** Opening Data to examine block **

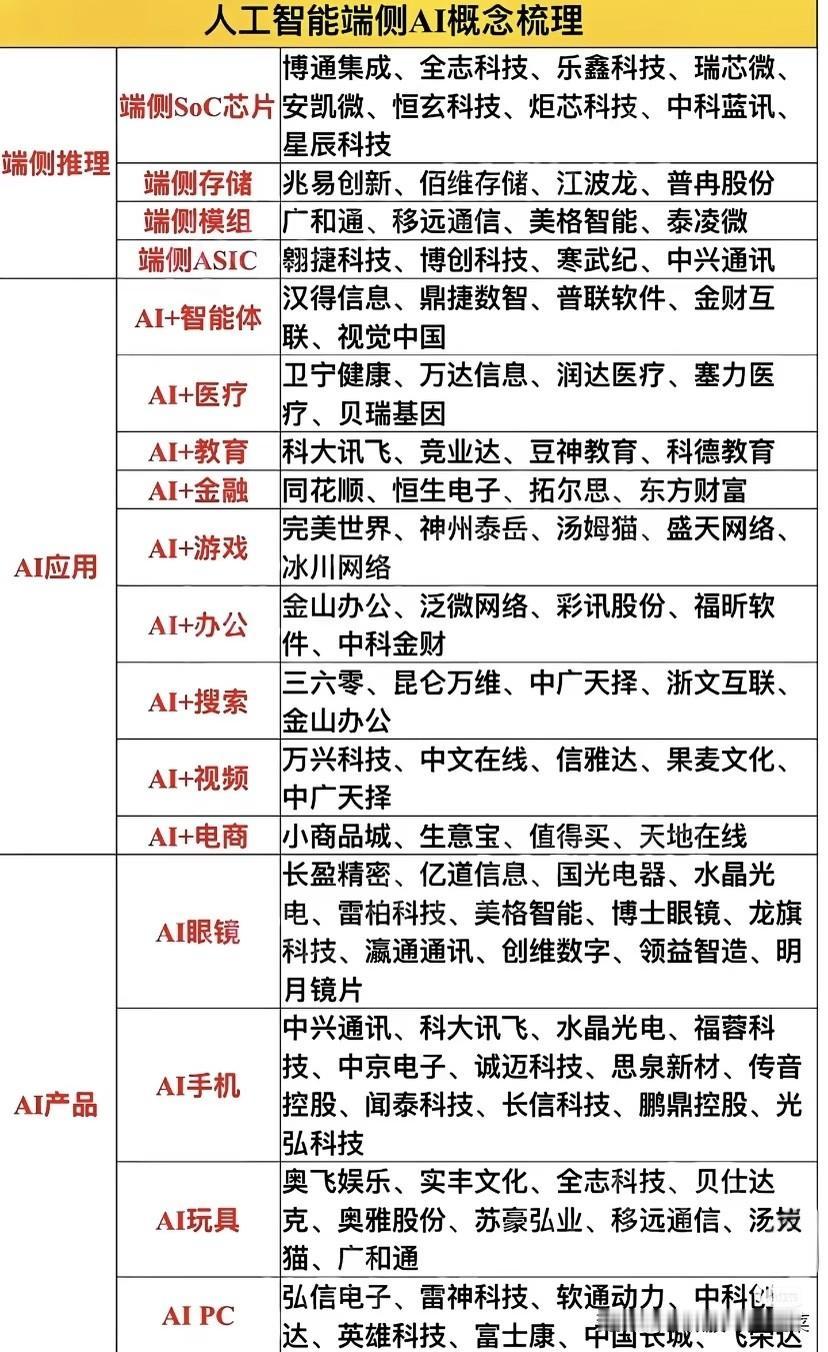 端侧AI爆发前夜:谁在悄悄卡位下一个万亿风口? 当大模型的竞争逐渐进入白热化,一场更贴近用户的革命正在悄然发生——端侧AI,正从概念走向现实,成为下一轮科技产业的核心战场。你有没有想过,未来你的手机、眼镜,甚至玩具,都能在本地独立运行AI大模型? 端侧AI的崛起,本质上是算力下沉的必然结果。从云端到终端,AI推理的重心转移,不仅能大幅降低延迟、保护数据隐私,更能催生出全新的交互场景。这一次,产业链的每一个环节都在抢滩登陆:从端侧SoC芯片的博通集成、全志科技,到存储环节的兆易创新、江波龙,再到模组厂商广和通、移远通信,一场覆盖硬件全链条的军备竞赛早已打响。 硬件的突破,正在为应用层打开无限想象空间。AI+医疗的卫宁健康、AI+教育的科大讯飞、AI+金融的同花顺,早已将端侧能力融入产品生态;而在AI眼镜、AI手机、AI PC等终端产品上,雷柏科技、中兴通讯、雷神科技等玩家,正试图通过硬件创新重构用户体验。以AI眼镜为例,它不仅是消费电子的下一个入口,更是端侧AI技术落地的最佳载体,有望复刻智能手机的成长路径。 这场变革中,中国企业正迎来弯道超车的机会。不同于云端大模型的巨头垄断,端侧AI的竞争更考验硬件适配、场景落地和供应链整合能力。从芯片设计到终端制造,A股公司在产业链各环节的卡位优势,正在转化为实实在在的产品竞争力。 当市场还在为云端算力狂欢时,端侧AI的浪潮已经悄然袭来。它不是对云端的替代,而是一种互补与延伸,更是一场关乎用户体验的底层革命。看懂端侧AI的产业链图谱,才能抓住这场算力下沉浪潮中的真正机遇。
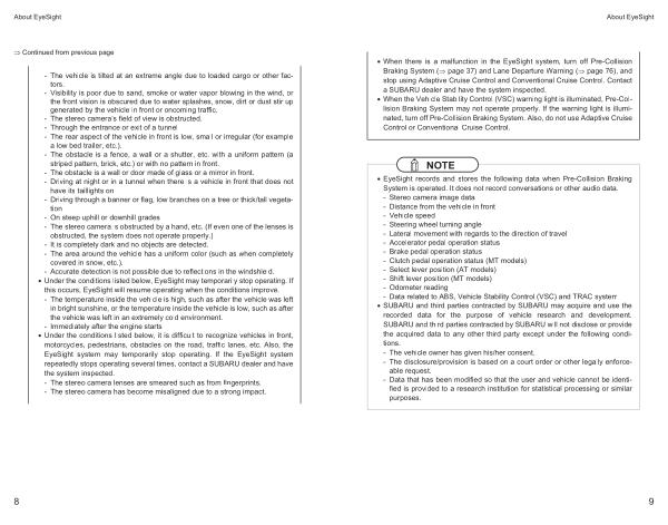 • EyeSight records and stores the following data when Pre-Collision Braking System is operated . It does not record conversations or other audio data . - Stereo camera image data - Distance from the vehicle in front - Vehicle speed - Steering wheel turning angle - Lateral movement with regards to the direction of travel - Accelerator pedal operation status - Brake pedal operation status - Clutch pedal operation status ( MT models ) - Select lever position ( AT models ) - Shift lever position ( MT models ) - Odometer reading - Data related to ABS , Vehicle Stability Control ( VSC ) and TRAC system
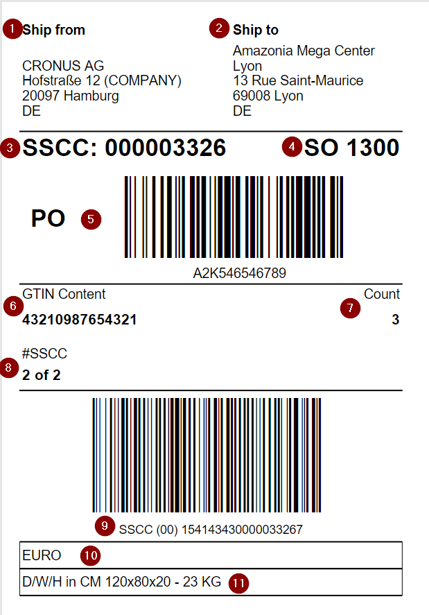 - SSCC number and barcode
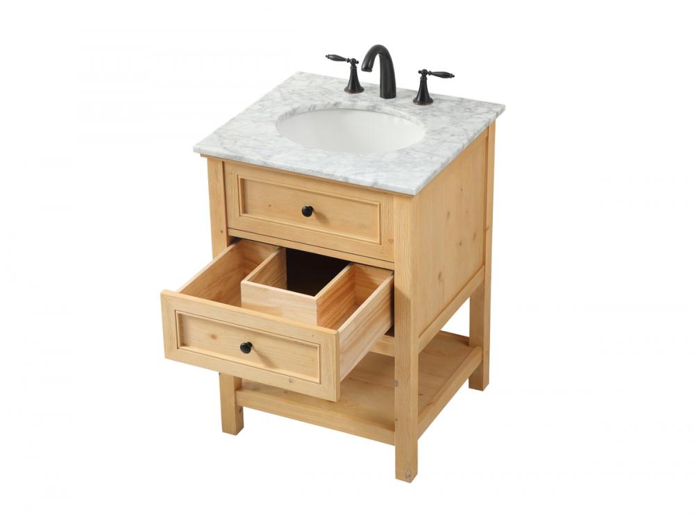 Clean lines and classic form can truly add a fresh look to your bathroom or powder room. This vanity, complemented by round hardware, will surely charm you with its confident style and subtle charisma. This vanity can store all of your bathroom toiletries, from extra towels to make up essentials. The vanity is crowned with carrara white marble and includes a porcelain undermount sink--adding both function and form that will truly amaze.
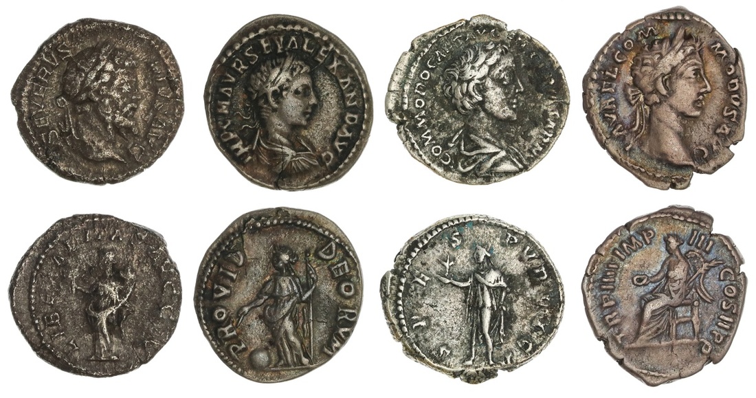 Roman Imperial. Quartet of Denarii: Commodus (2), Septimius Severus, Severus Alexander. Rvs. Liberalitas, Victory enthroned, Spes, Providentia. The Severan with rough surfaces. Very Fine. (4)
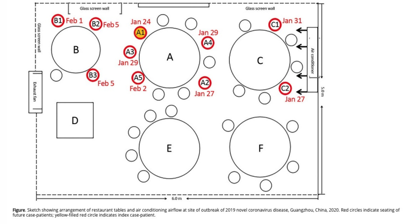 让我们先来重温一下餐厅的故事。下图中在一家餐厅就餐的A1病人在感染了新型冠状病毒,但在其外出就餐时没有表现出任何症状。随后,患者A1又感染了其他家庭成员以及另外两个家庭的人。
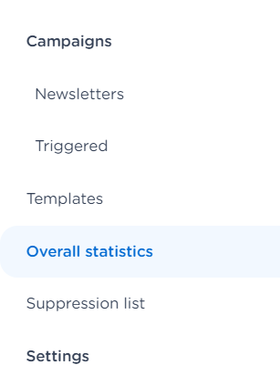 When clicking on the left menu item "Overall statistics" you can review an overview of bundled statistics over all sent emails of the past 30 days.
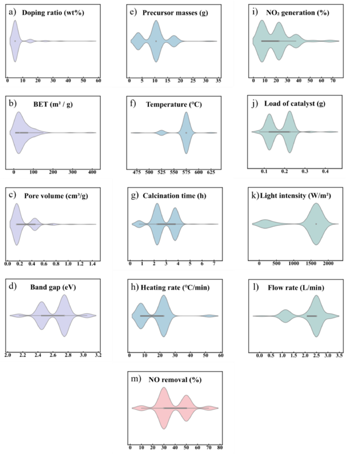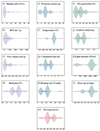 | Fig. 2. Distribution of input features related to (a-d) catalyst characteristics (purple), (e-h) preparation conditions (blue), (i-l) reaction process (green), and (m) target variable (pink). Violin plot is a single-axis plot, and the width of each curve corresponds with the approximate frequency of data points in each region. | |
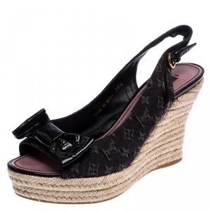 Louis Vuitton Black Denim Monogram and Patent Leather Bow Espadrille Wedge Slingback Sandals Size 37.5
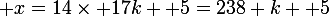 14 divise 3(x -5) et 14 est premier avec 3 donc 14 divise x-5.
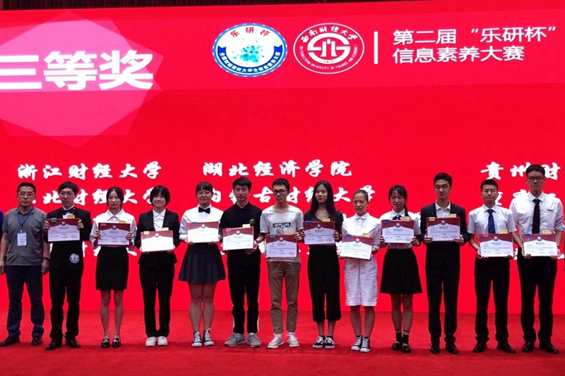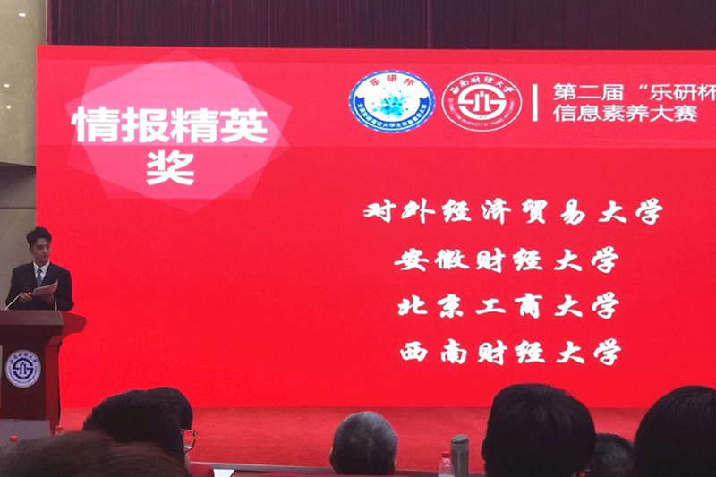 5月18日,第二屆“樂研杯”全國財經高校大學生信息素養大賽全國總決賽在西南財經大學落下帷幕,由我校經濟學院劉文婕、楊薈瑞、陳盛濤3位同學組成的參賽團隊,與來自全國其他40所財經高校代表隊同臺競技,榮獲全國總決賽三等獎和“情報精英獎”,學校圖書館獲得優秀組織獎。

** Closing Data to examine block **

§ What needs to be done
Beginning at the line that contains "Roman Imperial. Quartet", copy each remaining line of the records exactly, through the final one. Omit the pictures.

§ Solved problem
 Roman Imperial. Quartet of Denarii: Commodus (2), Septimius Severus, Severus Alexander. Rvs. Liberalitas, Victory enthroned, Spes, Providentia. The Severan with rough surfaces. Very Fine. (4)
 让我们先来重温一下餐厅的故事。下图中在一家餐厅就餐的A1病人在感染了新型冠状病毒,但在其外出就餐时没有表现出任何症状。随后,患者A1又感染了其他家庭成员以及另外两个家庭的人。
 When clicking on the left menu item "Overall statistics" you can review an overview of bundled statistics over all sent emails of the past 30 days.
 | Fig. 2. Distribution of input features related to (a-d) catalyst characteristics (purple), (e-h) preparation conditions (blue), (i-l) reaction process (green), and (m) target variable (pink). Violin plot is a single-axis plot, and the width of each curve corresponds with the approximate frequency of data points in each region. | |
 Louis Vuitton Black Denim Monogram and Patent Leather Bow Espadrille Wedge Slingback Sandals Size 37.5
 14 divise 3(x -5) et 14 est premier avec 3 donc 14 divise x-5.
 5月18日,第二屆“樂研杯”全國財經高校大學生信息素養大賽全國總決賽在西南財經大學落下帷幕,由我校經濟學院劉文婕、楊薈瑞、陳盛濤3位同學組成的參賽團隊,與來自全國其他40所財經高校代表隊同臺競技,榮獲全國總決賽三等獎和“情報精英獎”,學校圖書館獲得優秀組織獎。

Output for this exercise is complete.